But pictures say more than 1000 words:

This is what big prints looked like at the first layer:

underextrusion

 

Here you can see how much the plugin can do for you without changing the whole print:

direct

These two prints are printed at exactly the same settings in Cura, the only thing that changed was my plugin and both have a height of 1 layer.

 

Some may say it would be better to level the print-table/z-stop, but that's not true! if you start higher, every following layer will also start higher and you will have gaps between the lines in the second, third,... layer - I tried it for days now... believe me.

 

 

I set the nozzle 0.1 lower for the walls to get better adhesion and went 0.1 higher at the skin (infill), to get less pressure in the hotend. The print stuck unbelievable good at the table and the infill is very smooth.

If you have holes, ... at the surface, you can choose e.g. between different options for "hopping", retraction and so on... (this is awesome it your printer fails to print the walls of holes at the first layer).

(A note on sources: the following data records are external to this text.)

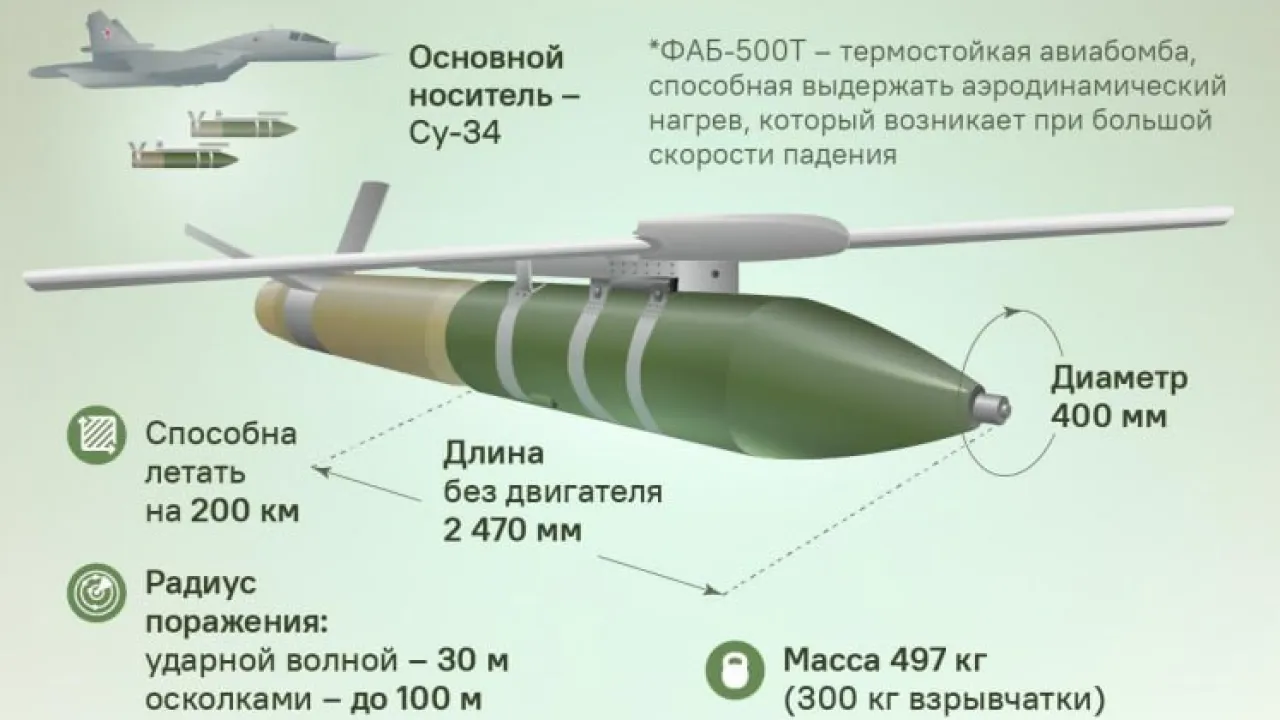 По данным из Генштаба противника, русские теперь использует авиабомбы, способные поражать цели на расстоянии до 200 км. Речь идет о новом универсальном планирующем боеприпасе (УМПБ):
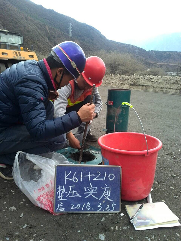 此次鋪筑K41+000~K41+200試驗(yàn)段,墊層頂面寬度8.2米,底面寬度8.5米,設(shè)計(jì)厚度0.15米。興蜀公司桑然路指揮部組織總監(jiān)辦、監(jiān)理實(shí)驗(yàn)室、施工單位完成原材料檢測(cè)、配合比設(shè)計(jì)、施工方案審核、施工測(cè)量放樣、混合料攤鋪、松鋪高程測(cè)定、橫坡平整度檢測(cè)等一系列工序后,采用攤鋪機(jī)鋪筑級(jí)配碎石墊層,經(jīng)20T鋼輪壓路機(jī)4遍碾壓、30T膠輪壓路機(jī)2遍碾壓,路面壓實(shí)度達(dá)到97%,級(jí)配碎石密實(shí)板結(jié),路面平整、線形順直,完全符合設(shè)計(jì)指標(biāo)要求,為桑然路下一步實(shí)施路面水穩(wěn)層攤鋪施工奠定了基礎(chǔ)。
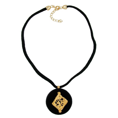 Edle Samt-Halskette - passend für das kleine Schwarze! Die 42mm große, schwarze, samtartig bezogene Kunststoffplatte, die ein goldfarbener verschnörkelter trapezförmiger Besatz aus Metallguss verziert, hängt an einem 45cm langen schwarzen Velour-Samtband und wird mit einem goldfarbenen Federring plus Verlängerungskettchen aus eloxiertem Aluminium geschlossen. Diese ausgefallene Modeschmuck-Kette passt gut zur schwarzen Abendgarderobe und festlicher Kleidung. Alle Bestandteile der Kette wurden in Deutschland produziert und die Kette in Handarbeit - made in germany - fertiggestellt.
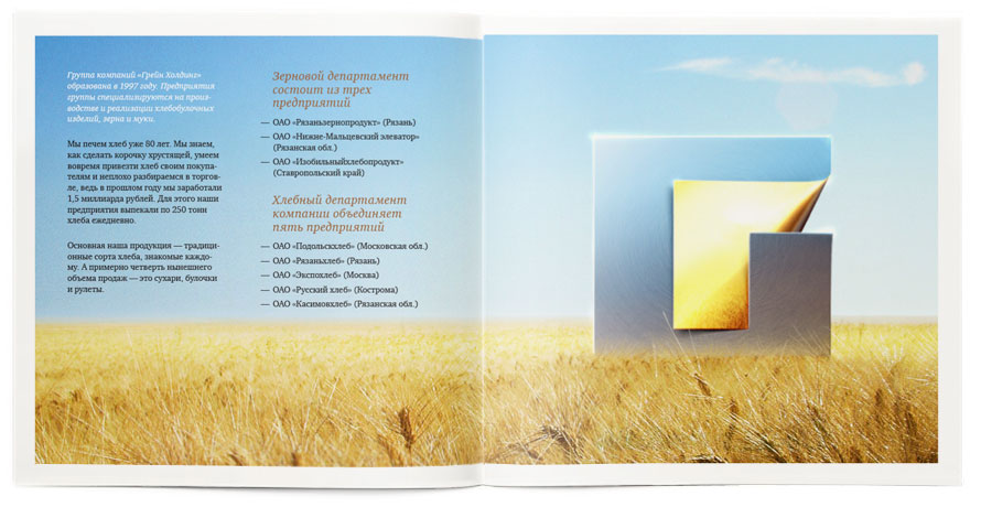The booklet tells about the Grain Holding company and its achievements. It is meant to serve as a guide when preparing corporate papers and advertising materials. ![]() |

These are the Options you have so far:

damn1 0.1

damn2

 

You can find it here: https://www.youmagine.com/designs/cura-plugin-damn-first-layer

 

BTW... I did no research if there is already any such plugin, it's the first time i use a plugin - I hope not :D

 

Tell me please if you find any bugs.

 

 

changelog:

v0.2: changed the order of retraction and hopping

 

 

preview:

At the moment I am testing a very good idea to make the surface even smoother, the first testprint was awesome but there is still something to do...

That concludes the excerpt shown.